Ironically, I find reading the two together is the perfect combination. Kahneman points out how the brain works and breaks it down into system 1 and system 2. System 1 is our automatic response to life and system 2 is our critical thinking. He explains that the society we live in relies heavily on system 1, he even goes as far as to call people intellectual sloths (which I thought was quiet clever).

Brown confronts the idea the we are living in society that pushes superficial norms that creates people to work for perfection. She speaks to learning how to be vulnerable, to learn to spiritually connect and to live with people and for people; she asks people to accept their own flaws.

One idea that Kahneman and Brown have in common is how people avoid hard work. Brown coins it as "taking the edge off". We all have tactics to take the edge off of life, most of which are unhealthy. Brown talks about how she use to be an alcoholic and once she became sober, she used being a perfectionist to take the edge off. It is easier to mask the hardness of life with substances or an action that keeps us preoccupied.

I think it has become engrained in human nature to not want to deeply think or feel.

I know I have avoided it like the plague, I started by doing too much coke for too long to avoid the hardship of life, when I overcame that I hid from the pain by throwing myself into a relationship and giving my all to a person and expecting too much in return. The past few weeks I avoided it by keeping myself busy, some with activities that were healthy and others that weren't like drinking too much.
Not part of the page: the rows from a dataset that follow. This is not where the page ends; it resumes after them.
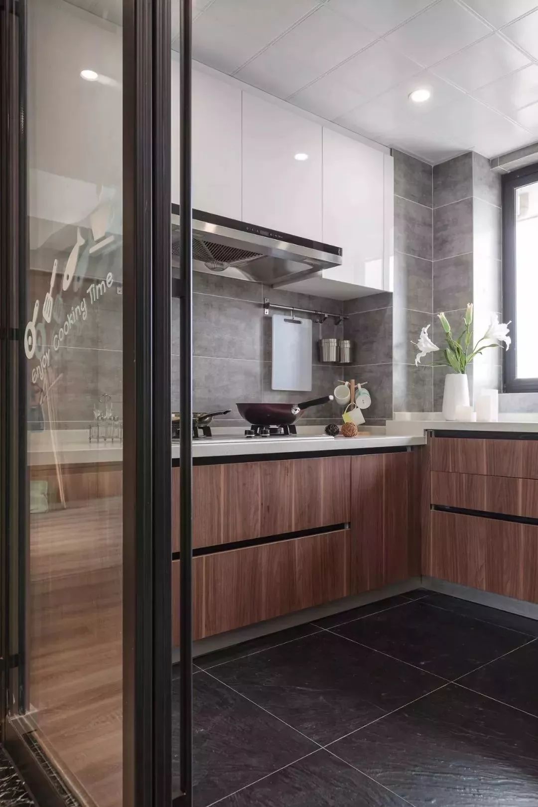 耐臟的黑色地磚、水泥灰墻磚,木質(zhì)的一體式櫥柜,將廚房打造成開(kāi)闊大氣的復(fù)古空間。
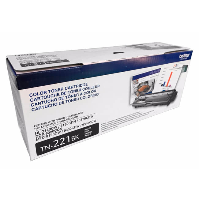 Cartucho de Toner Brother TN-221BK original de color Negro con rendimiento de 2.500 páginas de impresión.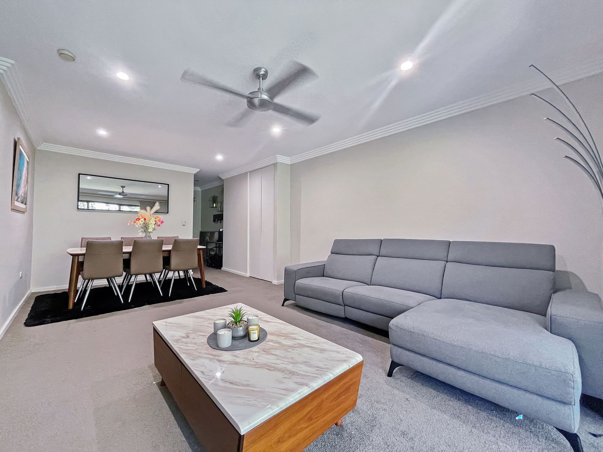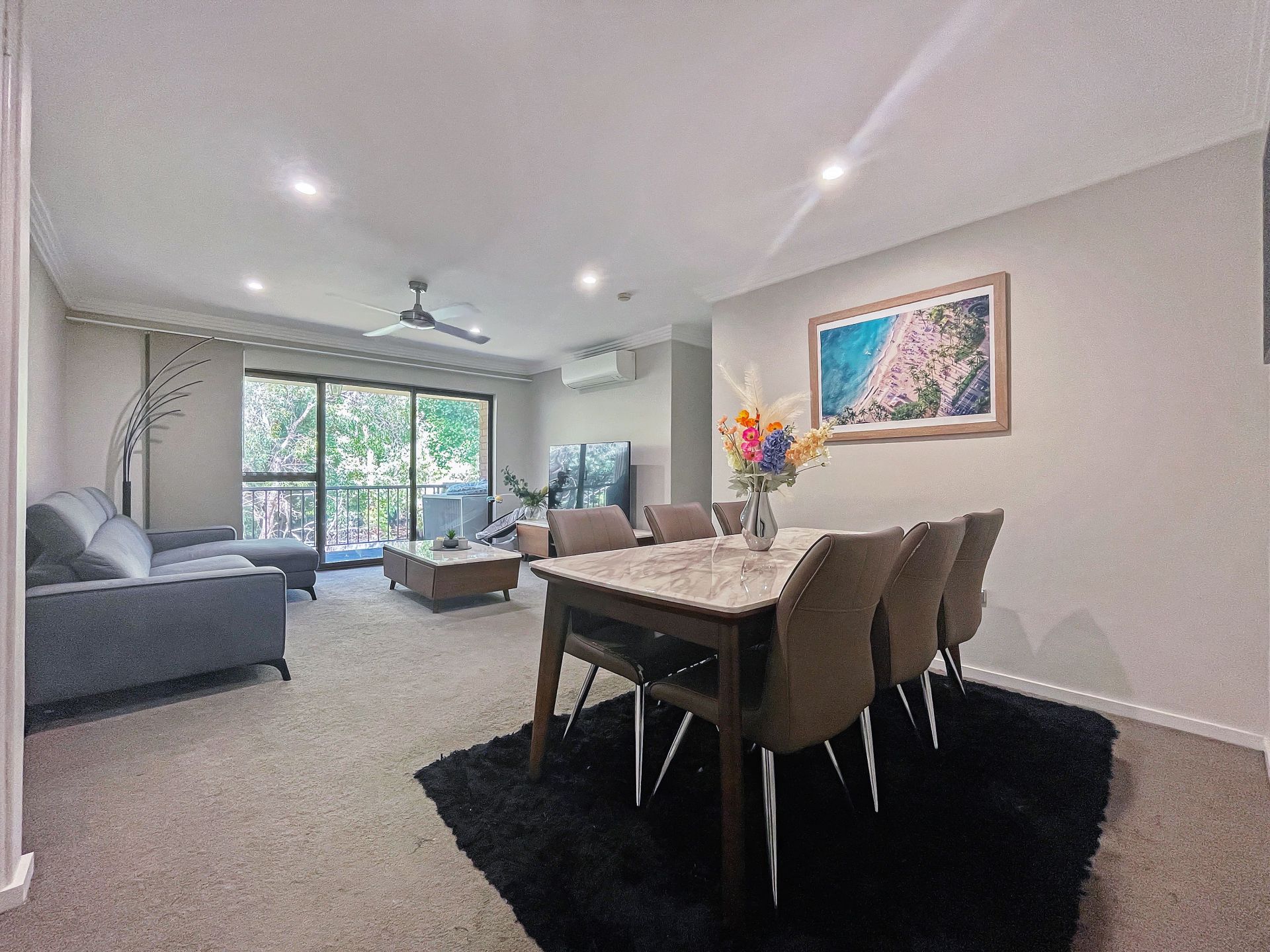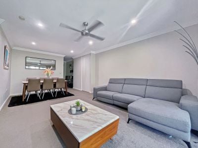 - Open and combined living and dining room that's super spacious flowing to a private, leafy outlook with ceiling fan and split system air con
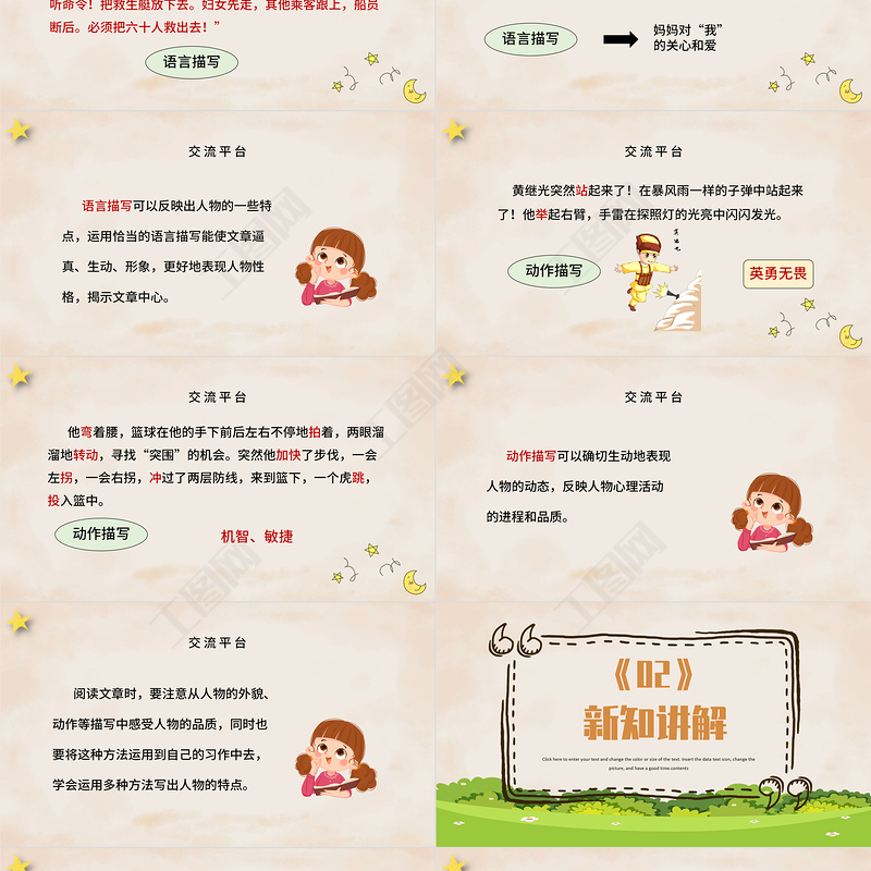閱讀文章時(shí),要注意從人物的外貌、動(dòng)作等描寫(xiě)中感受人物的品質(zhì),同時(shí)也要將這種方法運(yùn)用到自己的習(xí)作中去,學(xué)會(huì)運(yùn)用多種方法寫(xiě)出人物的特點(diǎn)。交流平臺(tái)
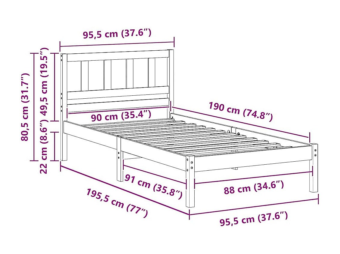 Estrutura da Cama Castanho 90 x 190 cm Madeira de pinho maciça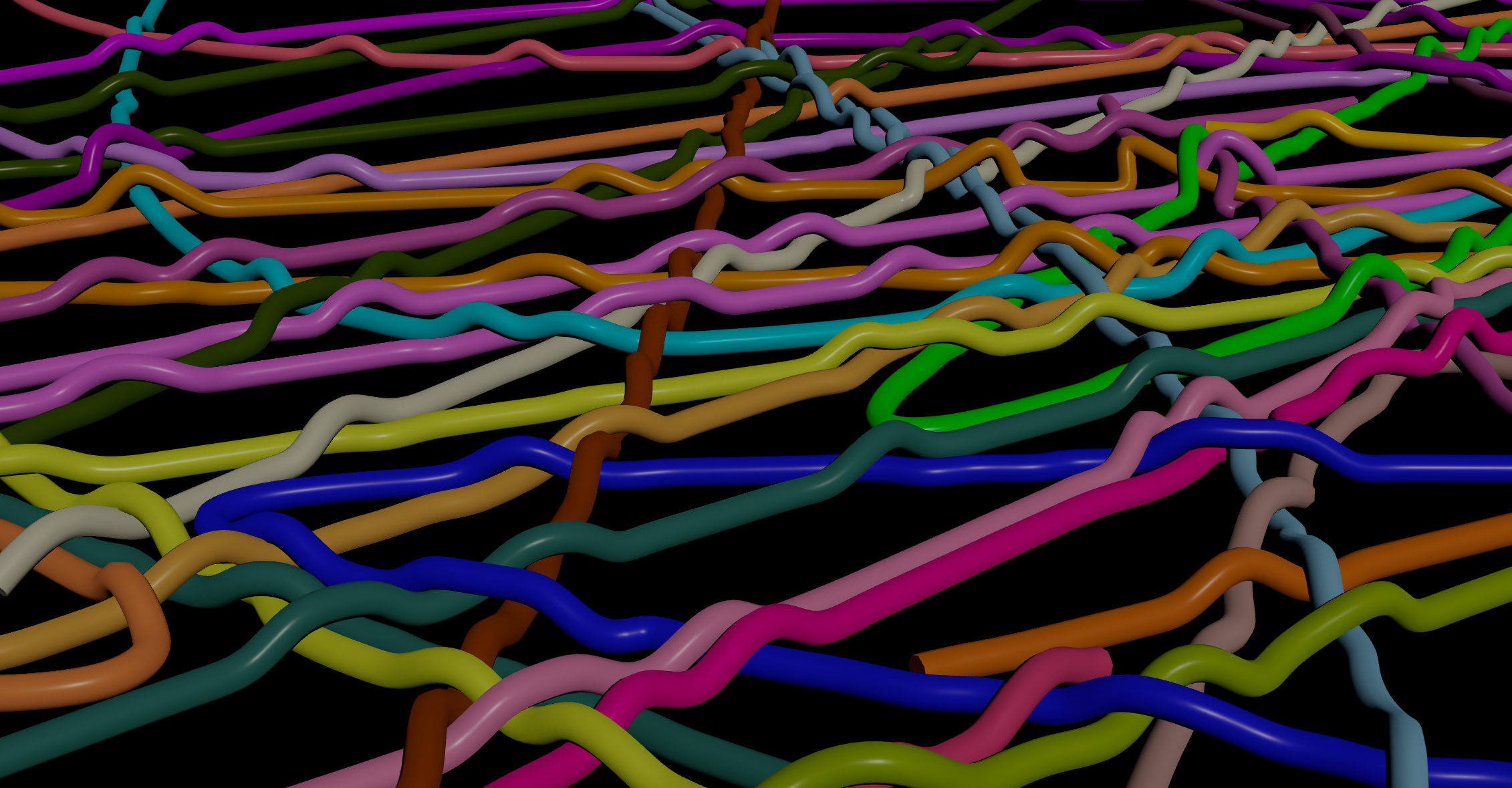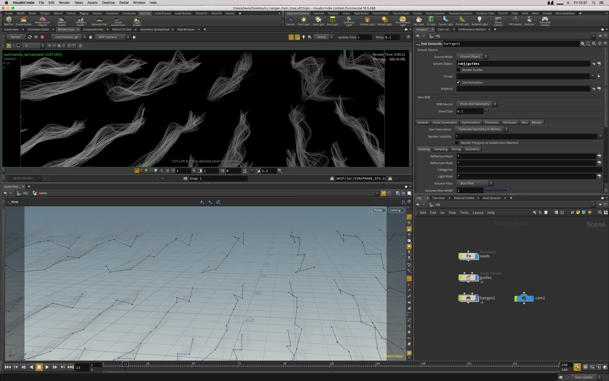 Using hairgen to create geo at render time from guide hairs which are just SOPs lines, with random variation done inside the hairgen.

I am now realizing I have to think and feel deeply.

I spend most nights allowing myself to feel pain, to actually look at my life and start to accept my story.  I spend my days reaching out to people who are willing to listen to me and push me to be my best self. People that ask me to think and feel deeply.

I am starting to realize life is not worth living if we are just constantly hiding. I want to be vulnerable and raw and in relationships with people that are willing to reciprocate this openness.

I am exhausted from hiding.

People are magnificent, we must just learn to reach out and connect with them.